AVAILABLE DATA ::
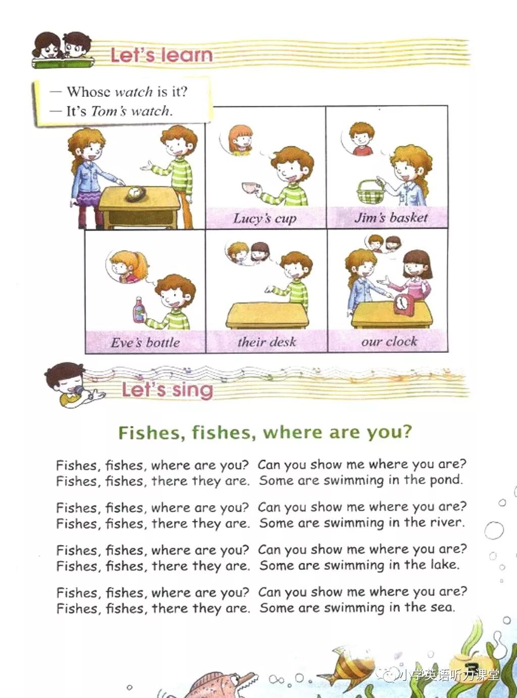 Fishes, fishes, where are you?Can you show me where you are?Fishes, fishes, there they are.Some are swimming in the pond.Fishes, fishes, where are you?Can you show me where you are?Fishes, fishes, there they are.Some are swimming in the river.Fishes, fishes,where are you?Can you show me where you are?Fishes,fishes,there they are.Some are swimming in the lake.Fishes, fishes, where are you?Can you show me where you are?Fishes, fishes, there they are.Some are swimming in the sea.
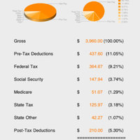 Calculated paychecks can be viewed as a pie chart showing the percentage distribution of your gross pay. Paycheck details can be emailed to an employee, employer or a payroll service provider.
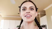 A huge cumshot on Mel’s face after a long cock licking session by Dollscult

EXERCISE :: Give back exactly the lines from the one that contains "Calculated paychecks can" to the final line of the data above, both included, with all pictures removed.

ANSWER TO THE PROBLEM ::
 Calculated paychecks can be viewed as a pie chart showing the percentage distribution of your gross pay. Paycheck details can be emailed to an employee, employer or a payroll service provider.
 A huge cumshot on Mel’s face after a long cock licking session by Dollscult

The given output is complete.